Transfiguration means “a complete change of form or appearance into a more beautiful or spiritual state.” As we read the gospel passage this coming Sunday, we will see that Jesus glows in a radiance which is incomprehensible. Sometimes this event is hard for us to place inside of our Christian life. My guess is that most of us do not think much of the transfiguration. When we do read it, some may even skip over it because it makes them uncomfortable. This passage comes close to magic and it does not seem like a practical or rational experience.

Some have called the scriptures a multi-faceted diamond which splits white light into its various colors. The transfiguration acts just like that diamond, because it means a lot of different things.

It occurs on Mount Tabor and is supposed to remind us of Mount Sinai. Mount Sinai is where Moses received the law and as a result of being in God’s presence, his face shown brightly. Here Jesus shines forth God’s radiance, and Jesus’ inner circle were there to witness it. The apostles saw Moses and Elijah who stand as Israel’s greatest prophets. They point to Jesus as the greatest prophet, and the greatest leader of God’s people.

When Peter begins to comprehend all that is happening, he suggests that they construct dwellings, some think he was trying to live on the mountain top. Still others believe that he was trying to construct a tabernacle like the Moses had done in the wilderness. The tabernacle was where the Arc of the Covenant was held- a symbol of God’s presence on earth. The dwellings that Peter wanted to construct could have done the same.

Yet the glory was not contained by those dwellings. Instead, as Sergius Bulgakov writes, “the authentic future form of the world is revealed to [Peter, James, and John] as if in a flash of lightning.” Bulgakov understands the transfiguration through his understanding of the end. He knows that in the end all of creation will be remade. The creation which is now groaning “will be liberated from its bondage to decay and brought into the freedom and glory of the children of God.”

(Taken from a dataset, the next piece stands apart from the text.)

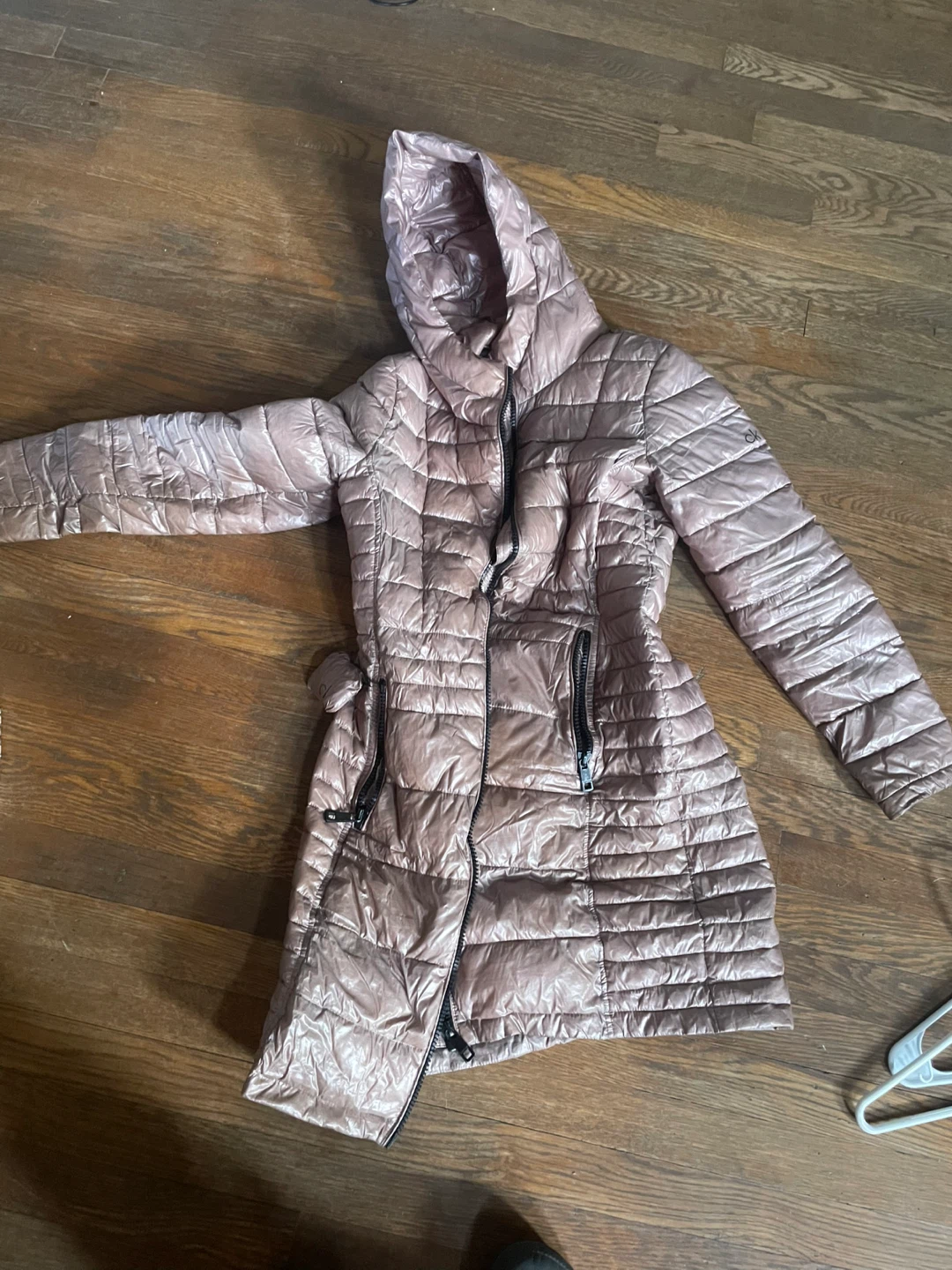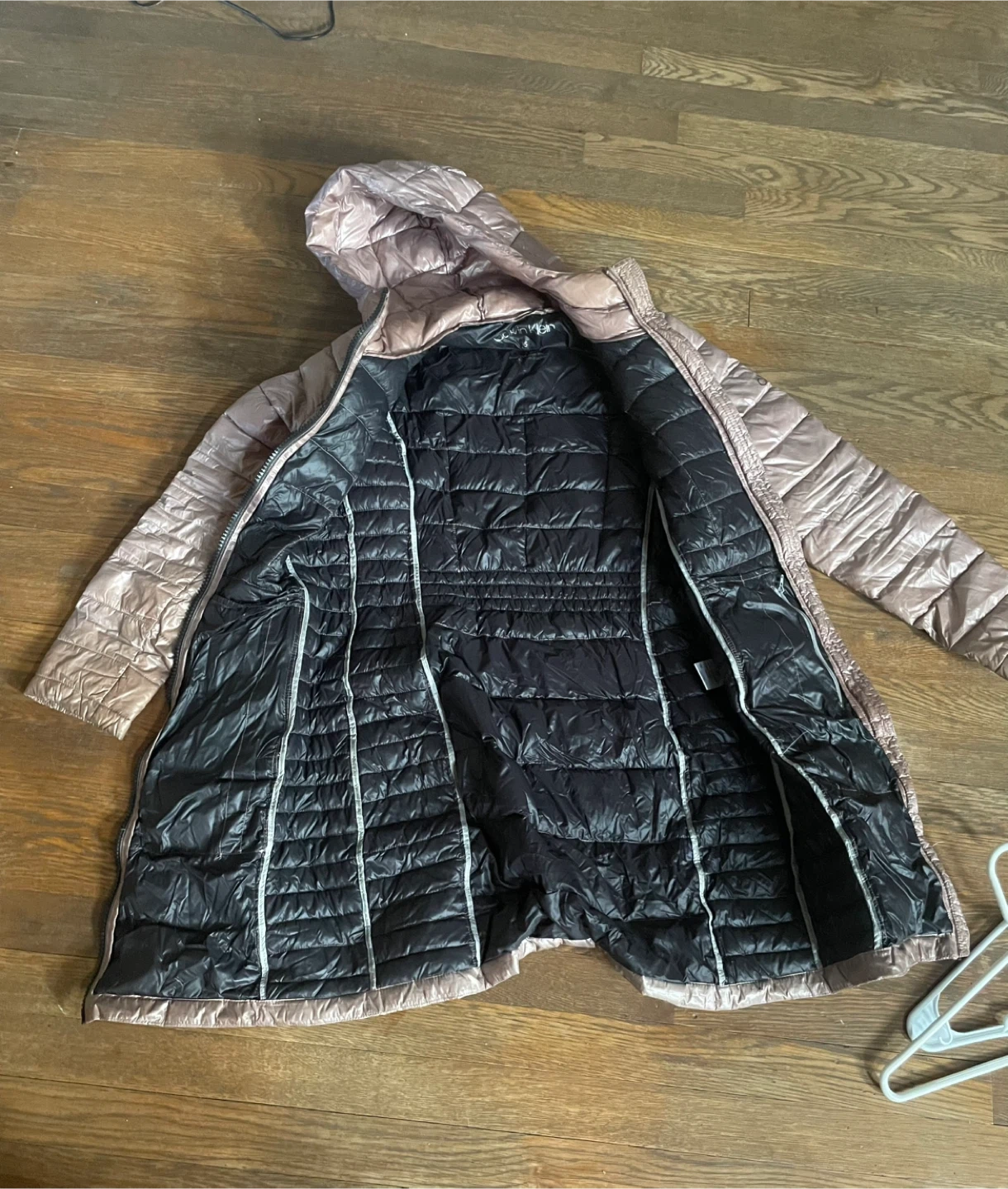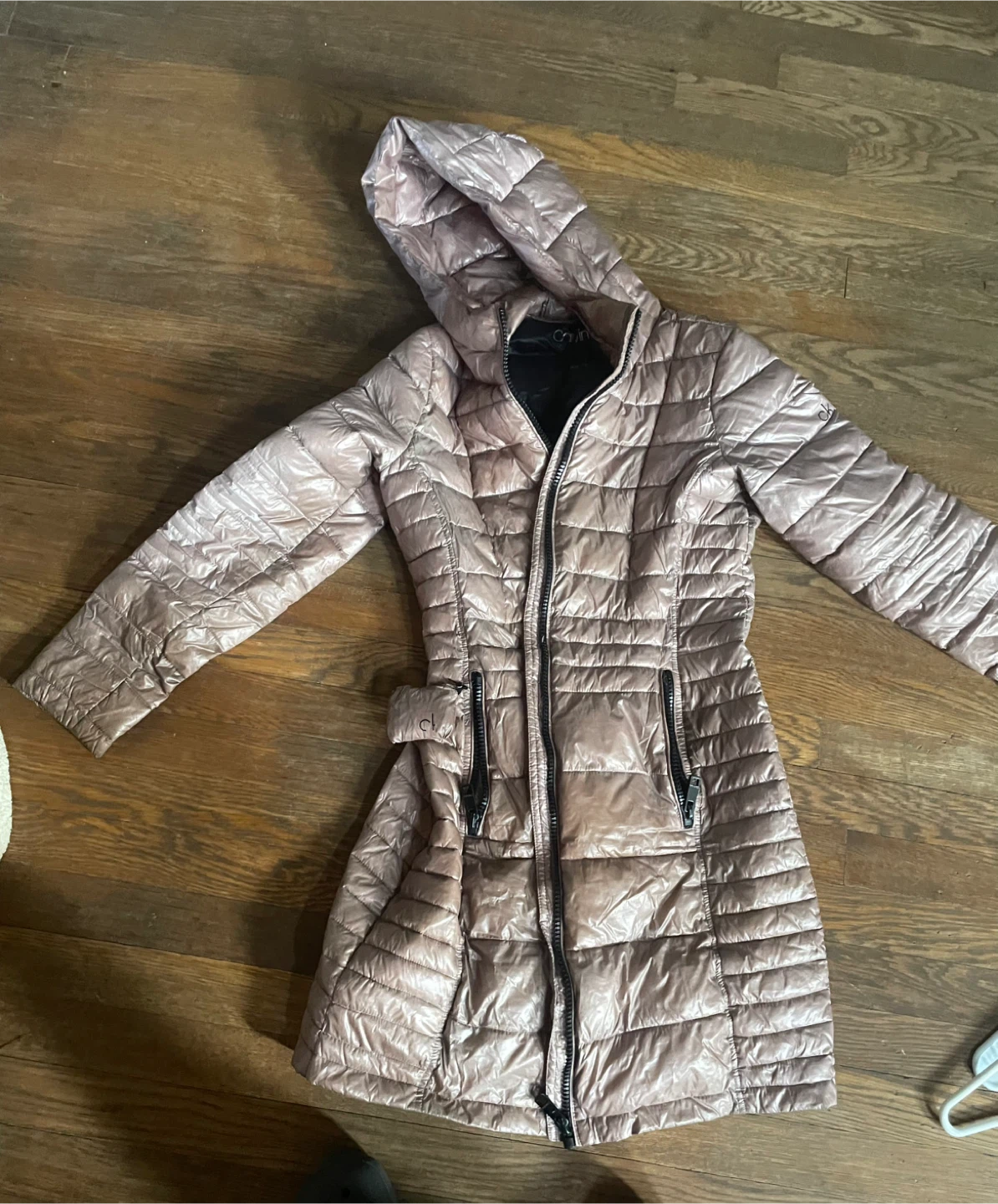 Selling a Calvin Klein hooded puffer coat. It's a light pink color with black zippers and a black interior. It's in great condition and ready for a new owner!

In the mount of transfiguration we begin to see the fullness of God’s glory which is reflected on all the world. And so we do not always see that “The world is present before us in its transfigured state.” But on those days when we are amazed by a sunset, made curious by watching birds or squirrels, when the snow sparkles and we cannot help but praise God, then we begin to see creation as God sees it.

The transfiguration reminds us that all of creation will be made new. We can hope in our future resurrection when we will know God in God’s fulness. Knowing God as this will then allow us to know all of creation as well for all will find its perfection in Christ.